Cross-border mergers in EU

The European Court of Justice rendered a judgment in the Case ”Sevic” (C 411-03) on December 13, 2005. The Court determines that a general prohibition against registration of a cross-border merger is inconsistent with the freedom of establishment.

In the particular case a German Commercial Register (Local Court of Neuwied) refused to register a merger between a German and a Luxembourg company. Its reason was that German laws allow mergers between German companies only. Such rule is a violation of the EC-Treaty’s freedom of establishment.

Under Danish laws as hitherto applied a registration of a merger between a Danish company and a German company would not be allowed either.
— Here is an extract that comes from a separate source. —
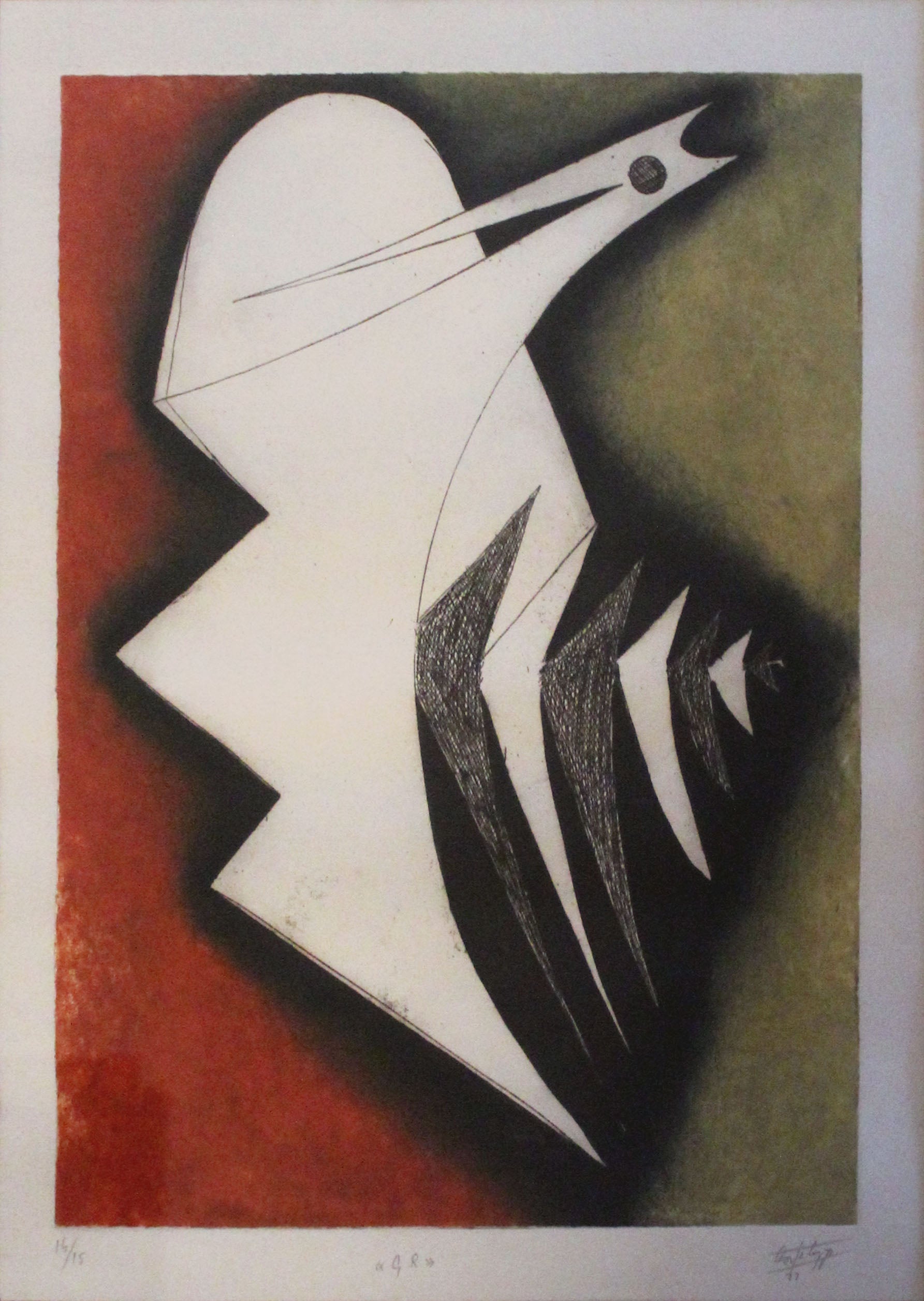 La stampa riporta un linguaggio artistico che coincide con la produzione scultorea di Gino Cortelazzo. Si tratta di un astrattismo che procede sia per forme biologiche che geometriche in composizione che presentano un accentuato dinamismo insieme ad una raffinata armonia razionale. Ovviamente, trattandosi di una stampa, qui tutto è giocato sul piano bidimensionale in una sottile ed elegante linea grafica.
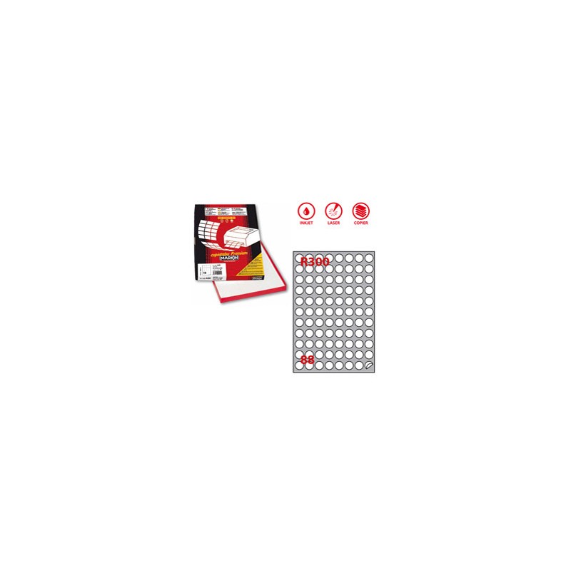 Scatola da 100fogli da 21x29,7cm (A4) di etichette in carta bianca adesive permanenti nel formato. Stampabili con stampanti inkjet, laser e fotocopiatori. 88 etichette tonde per foglio.

Regardless whether it is inconsistent with EC-law and should be possible in theory to do so, one would face many practical obstacles/hinderances – both in the jurisdiction, where the continuing company is domiciled and where the discontinuing company was domiciled (de-registration without normal winding up procedures).

A Danish and German company may however merge into a new SE-company (societas europae) with domicile either in Denmark or in Germany. Applicable uniform rules have already been passed to that effect.

In practical life, cross-border mergers between companies of different EU-member states will be possible only, when the 10th EC-company directive is implemented in national laws of the member states. Implementation must take place before December 15, 2007. There are of course various corporate tax implications which need to be considered.